Wednesday, June 3, 2015

"to judge, to save"

The Word for today:
Judges 5
“Judge.”
The word has a bad reputation. It sounds, well, judgmental.
But in scripture, “judge” carries more than just the narrow, negative connotation we usually attach to it. Here is the first instance of the word judges in the book of Judges:
Then the LORD raised up judges, who saved them out of the hand of those who plundered them. (Judges 2:16)
The Judges were saviors, deliverers. To be sure, they also judged right from wrong, but their motivating purpose was deliverance, not condemnation.

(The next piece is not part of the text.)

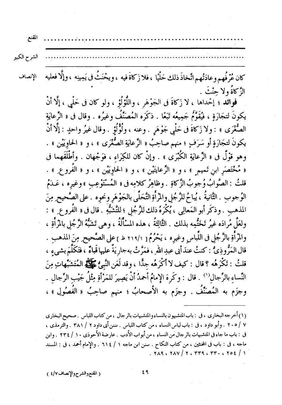 فوائد؛ إحْداها, لا زَكاةَ فى الجَوْهَرِ، واللُّؤلُؤِ، ولو كان فى حَلْى، إلَّا أنْ يكونَ لتجَارَةٍ، فيُقَوَّمُ جَمِيعُه تَبَعًا. ذكَرَه المُصَنِّفُ وغيرُه. وقال فى «الرِّعايَةِ الصُّغْرَى»: ولا زَكاةَ فى حَلْى جَوْهَرٍ. وعنه، ولُؤْلُؤٍ. وقال غيرُ واحدٍ: إلَّا أنْ يكونَ لتجَارَةٍ أو سَرَفٍ؛ منهم صاحِبُ «الرِّعايَةِ الصُّغْرَى»، و «الحاوِيَيْن». وهو قوْلٌ فى «الرِّعَايَةِ الكُبْرَى». وإنْ كان للكِرَاءِ، فوَجْهان. وأطْلَقَهما فى «مُخْتَصَرِ ابنِ تَميمٍ»، و «الرِّعايَتَيْن»، و «الحاوِيَيْن»، و «الفُروعِ». قلتُ: الصَّوابُ وُجوبُ الزَّكاةِ. وظاهِرُ كلامِه فى «المُسْتَوْعِبِ» وغيرِه، عَدَمُ الوُجوبِ. الثَّانيةُ، يُباحُ للرَّجُلِ والمرْأةِ التَّحَلِّى بالجَوْهَرِ ونحوِه. على الصَّحيحِ مِنَ المذهبِ. وذكَر أبو المَعالِى، يُكْرَهُ ذلك للرَّجُلِ؛ للتَّشَبُّهِ. قال فى «الفُروعِ»: ولعَلَّ مُرادَه غيرُ تَخَتُّمِه بذلك. الثَّالِثَةُ، هذه المسْأَلةُ، وهي تَشَبُّهُ الرَّجُلِ بالمرْأَةِ، والمرْأَةِ بالرَّجُلِ فى اللِّباسِ وغيرِه، يَحْرُمُ على الصَّحيحِ مِنَ المذهبِ. قال المَرُّوذِىُّ: كنتُ عندَ أبى عبدِ اللَّهِ، فمَرَّتْ به جارِيَةٌ عليها قَباءٌ، فتَكَلَّمَ بشئٍ، قلتُ: تَكْرَهُه؟ قال: كيف لا أكْرَهُه جدًا، وقد لَعَن النَّبِىُّ -صلى اللَّه عليه وسلم- المُتَشَبِّهاتِ مِنَ النِّساءِ بالرِّجالِ (¬1). قال: وكَرِهَ الإِمامُ أَحمدُ أنْ يَصيرَ للمَرْأةِ مِثْلُ جَيْبِ الرِّجالِ. وجزَم به المُصَنِّفُ. وجزَم به الأصحابُ؛ منهم صاحِبُ «الفُصُولِ»،

The ultimate Judge, of course, is the Lord Jesus Christ. Many people have a very hard time reconciling the picture of Jesus the Savior with the picture of Jesus the Judge. But the Bible teaches that you can’t have one without the other.
The best Old Testament illustration of Jesus as Savior/Judge is the rescue of Israel from bondage in Egypt. When God judged the chariots of Pharaoh in the waters of the Red Sea, his purpose was to save Israel. Here is how Psalm 76 describes their deliverance:
At your rebuke, O God of Jacob, both horse and chariot lie still.

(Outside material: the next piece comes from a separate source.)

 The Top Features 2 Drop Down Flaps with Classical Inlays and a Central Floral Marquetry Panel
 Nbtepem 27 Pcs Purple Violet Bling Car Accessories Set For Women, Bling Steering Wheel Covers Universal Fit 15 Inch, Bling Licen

You alone are to be feared.
Who can stand before you when you are angry?
From heaven you pronounced judgment,
and the land feared and was quiet—
when you, O God, rose up to judge, to save all the afflicted of the land.
“To judge, to save.”
There was no deliverance from death at the hands of Egypt without the waters of the Red Sea.
“To judge, to save.“
In the very same way, there is no deliverance from the wages of sin without the blood of Jesus Christ.
There is no such person as Savior Jesus without Judge Jesus. The best New Testament illustration of this paradox is seen here:
So also the chief priests with the scribes mocked him to one another, saying, "He saved others; he cannot save himself.” (Mark 15:31)
“He cannot save himself.” How right they were. The only way for him to save others was to judge himself.